Last quarter, I ran an analysis of my team’s development workflow data as part of a broader developer productivity initiative. We instrumented browser activity (with consent) and IDE telemetry for eight data scientists and six ML engineers over a four-week period. Here is what we found.

Before AI tools (baseline from 2023 data): developers averaged 8.2 Stack Overflow visits per day. Average time per visit: 4.3 minutes. That is roughly 35 minutes per day reading Stack Overflow content.

Current state (Q4 2025): developers average 0.5 Stack Overflow visits per day. AI assistant interactions: 14.7 per day. Average AI interaction duration: 2.1 minutes.

On the surface, this looks like a pure efficiency gain. Developers are getting answers faster. But when I dug deeper into the data, the picture got more complicated.

The Understanding Gap

I measured what I call “solution iteration cycles” — the number of times a developer has to revisit or modify a solution after initial implementation. In the Stack Overflow era, the average was 1.8 iterations per problem. With AI-first workflows, it is 2.4 iterations. Developers get to a first attempt faster, but they spend more time debugging and refining.

The total time from problem identification to working solution is roughly the same. What changed is the distribution. With Stack Overflow, developers spent more time upfront reading and understanding, then implemented more correctly on the first attempt. With AI, they implement faster but iterate more.

And here is the critical insight: the net learning appears to be lower with AI-first workflows. When developers iterated with Stack Overflow, they learned WHY their approach was wrong by reading alternative answers and comments. When they iterate with AI-generated code, they learn WHAT is wrong through debugging, but they often do not develop a deep understanding of why the correct approach is correct. They just keep asking the AI to fix it until it works.

The Educational Loss

I miss the educational value of well-written Stack Overflow answers. I am thinking of answers like the famous explanation of floating-point arithmetic, or the detailed breakdown of how Python’s GIL works, or the comprehensive guide to SQL query optimization. These were not just answers — they were tutorials disguised as answers. Reading them made you a better engineer even if you were not trying to solve that specific problem.
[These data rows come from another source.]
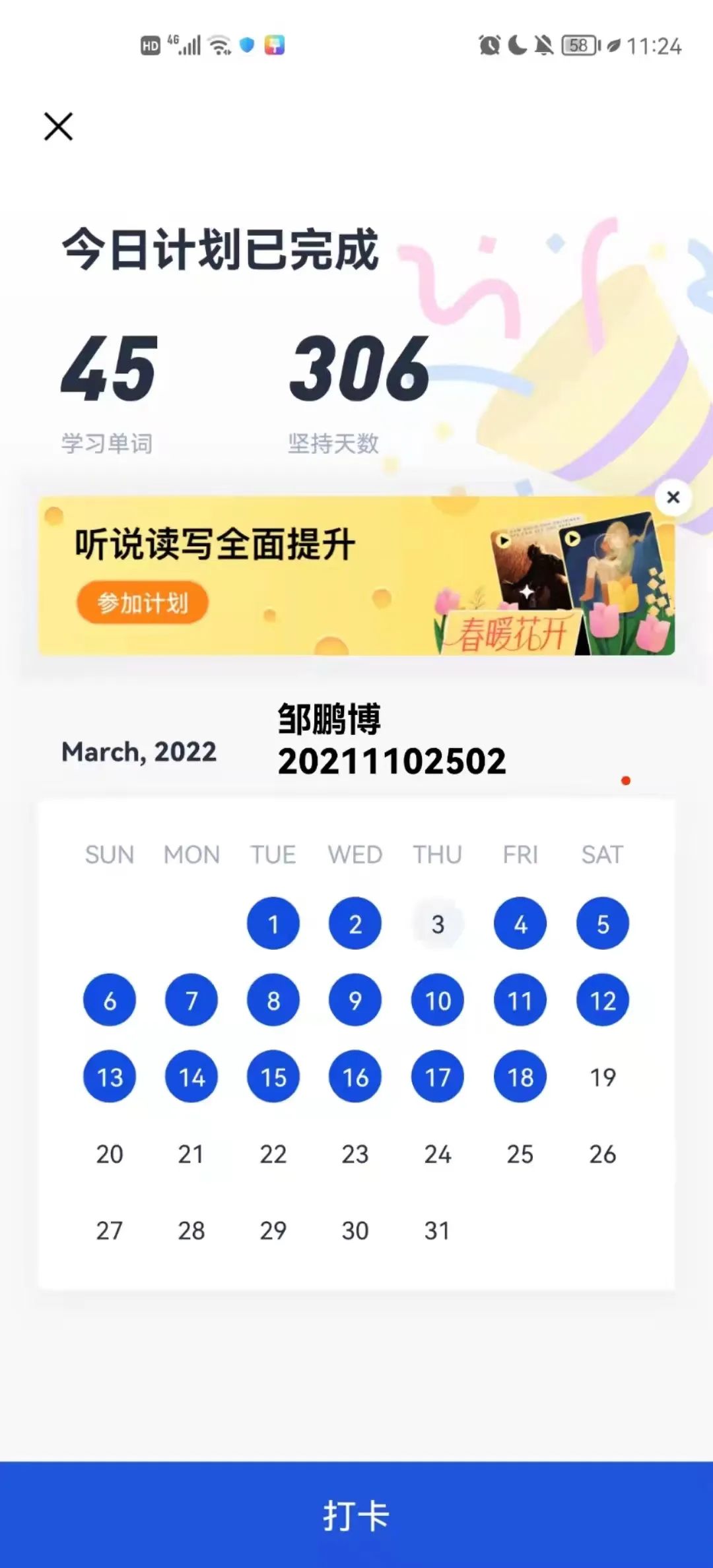 这次的单词打卡活动让同学们提高了学习的自觉性,我们更加愿意积极主动地去学习英语。打卡时候的成就感让我开心不已,我也愿意坚持下去,想看看我能走到多远。一天天的积累学习,也让我们离理想的自己更进一步。不积跬步,无以至千里。让我们一起努力吧!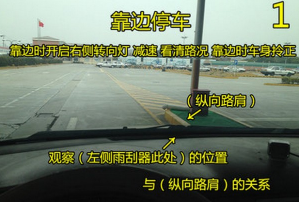 观察车身右侧与马路边缘或马路牙子之间的距离,进行调整。直至右侧前门把手位置,将遮住马路牙,或者将"接触"时,迅速顺直车身。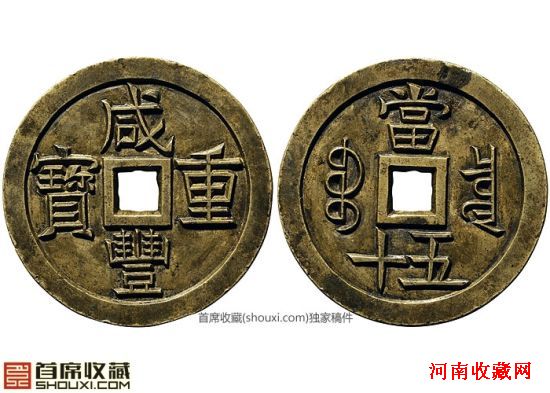 清钱是本次古钱部分的最大亮点,不仅有各式小平雕母、光绪宣统天下太平大型宫钱,更有“大清咸丰通宝”背“宝福一十”这样的名珍,估价35万-60万。当然最吸引人的还是宝泉当五百雕母,缶宝八贝,一笔一划如刀錾斧凿,勾画之间尽显咸丰大钱之魅力,此枚也是马定祥著《咸丰泉汇》第155页原物,估价150-220万,也是本次嘉德钱币拍卖分量最重的拍品。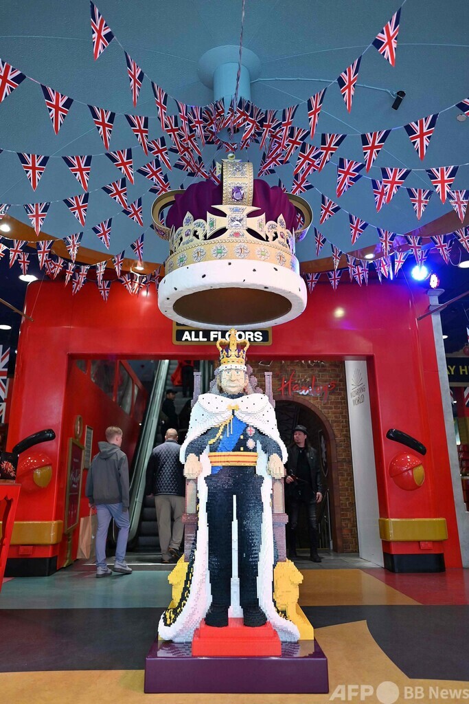 【4月28日 AFP】英ロンドン中心部の玩具店「ハムレーズ(Hamleys)」に27日、おもちゃのレゴ(Lego)ブロックで作られたチャールズ国王(King Charles III)の等身大の像がお目見えした。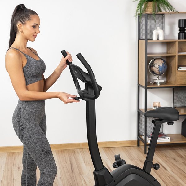 - Regulowany kąt nachylenia kierownicy: Ergonomia jest niezwykle ważna podczas każdego treningu. Regulowany kąt nachylenia pozwala rozluźnić mięśnie szyi i barku.

AI does not produce that kind of educational content. It produces targeted answers to specific questions. There is no serendipitous learning. You do not stumble across an amazing explanation of a concept you did not know you needed to understand.

What the Data Suggests

Based on what I have measured, I think the Stack Overflow decline is creating a hidden debt in developer knowledge. Developers are shipping code at roughly the same speed, so the productivity metrics look fine. But the depth of understanding is shallower, and I suspect this will manifest as increased technical debt, more subtle bugs in production, and a slower rate of genuine innovation over time.

The hard part is that this is nearly impossible to measure in the short term. The effects are cumulative and slow-moving. By the time we can clearly see the impact in our data, it may be too late to rebuild what we lost.

Alex, to answer your question directly — I barely use Stack Overflow anymore, and I think that is a loss, not a gain.